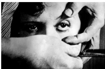
Título: Autor : Estilo:

4. Identifique la obra, el autor y estilo al que pertenece. El fallo de una pregunta no penaliza (máximo 2 puntos)
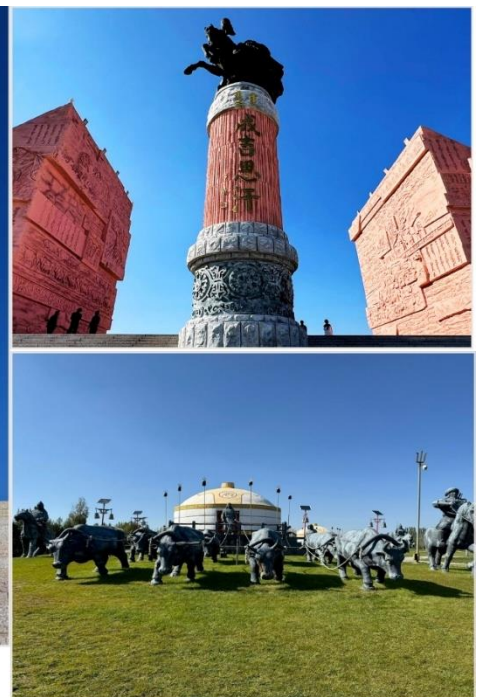
เขตท่องเที่ยวเจงกิสข่าน • กลุ่มประติมากรรม กองทัพเหล็กและกระโจมทอง
★ ★ ★ ★ ★
Work item. Pictures stay out; print everything else in the data exactly.

Exercise solution.
Título: Autor : Estilo:

4. Identifique la obra, el autor y estilo al que pertenece. El fallo de una pregunta no penaliza (máximo 2 puntos)
เขตท่องเที่ยวเจงกิสข่าน • กลุ่มประติมากรรม กองทัพเหล็กและกระโจมทอง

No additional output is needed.